*** Opening of Information provided ***

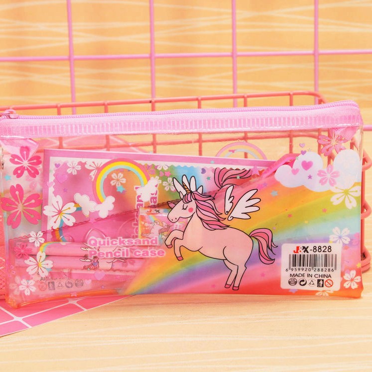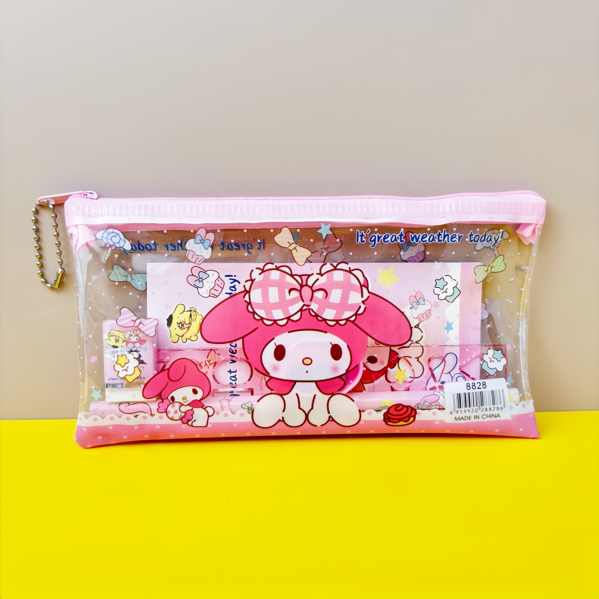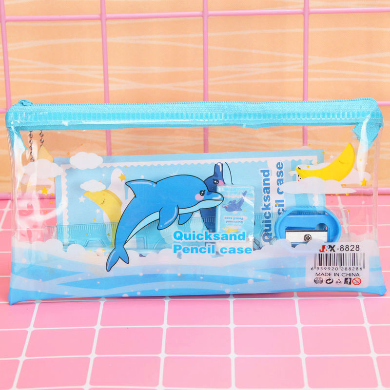 8828内含铅笔2支,橡皮1个,卷笔刀1个,纸质模板尺1把
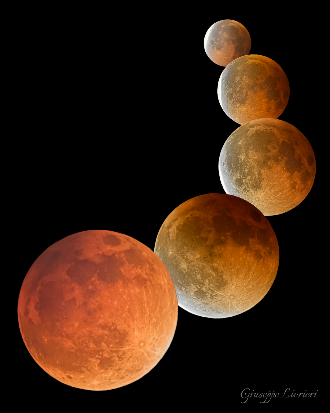 Questa che vedete è una composizione di alcune delle fasi dell’eclissi lunare totale di questo settembre. Ho acquisito le foto con un telescopio dobsoniano da 25 cm di diamero e con una camera planetaria. Successivamente ho unito i risultati con Photoshop.
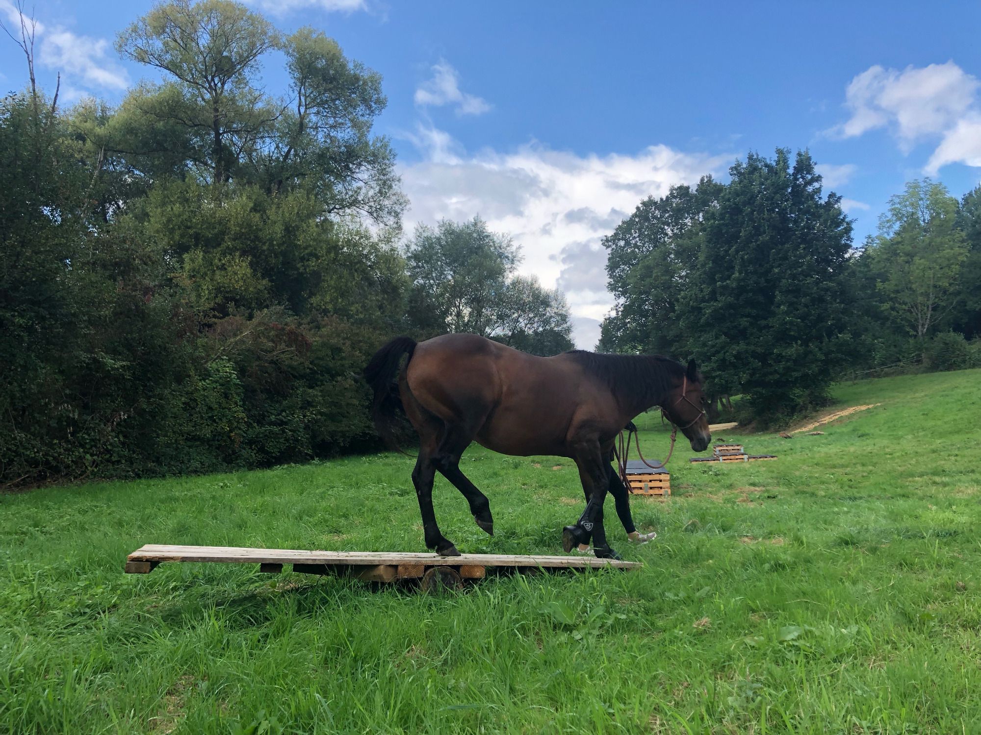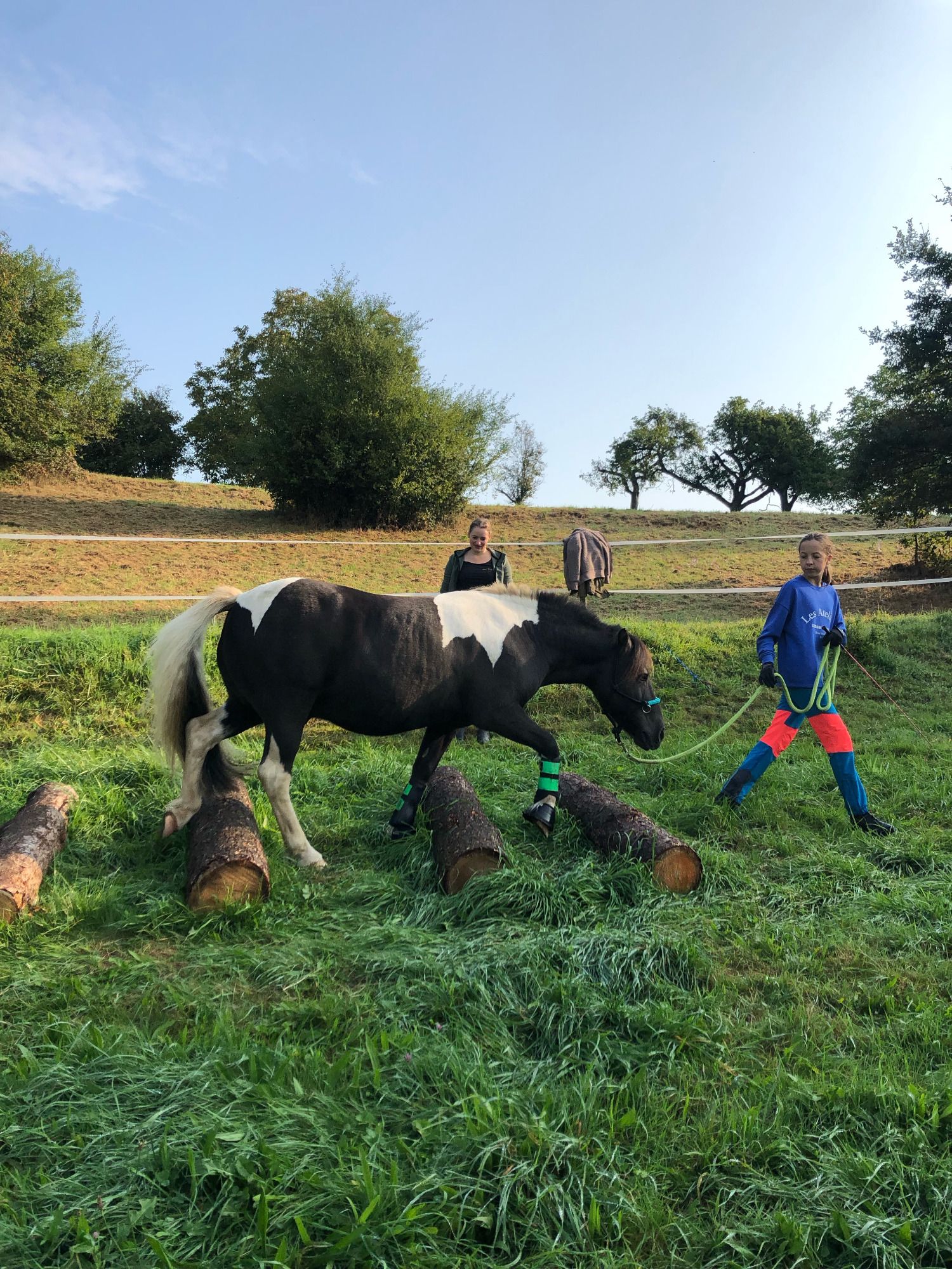 Die beiden Trail-Neulinge erobern die Hindernisse. Motivationscoach Stracciatella gibt Rückendeckung.

*** Close of Information provided ***

--- Problem to solve ---
Without changing a single word, set down all of the material again and leave out its pictures.

--- Problem solution ---
 8828内含铅笔2支,橡皮1个,卷笔刀1个,纸质模板尺1把
 Questa che vedete è una composizione di alcune delle fasi dell’eclissi lunare totale di questo settembre. Ho acquisito le foto con un telescopio dobsoniano da 25 cm di diamero e con una camera planetaria. Successivamente ho unito i risultati con Photoshop.
 Die beiden Trail-Neulinge erobern die Hindernisse. Motivationscoach Stracciatella gibt Rückendeckung.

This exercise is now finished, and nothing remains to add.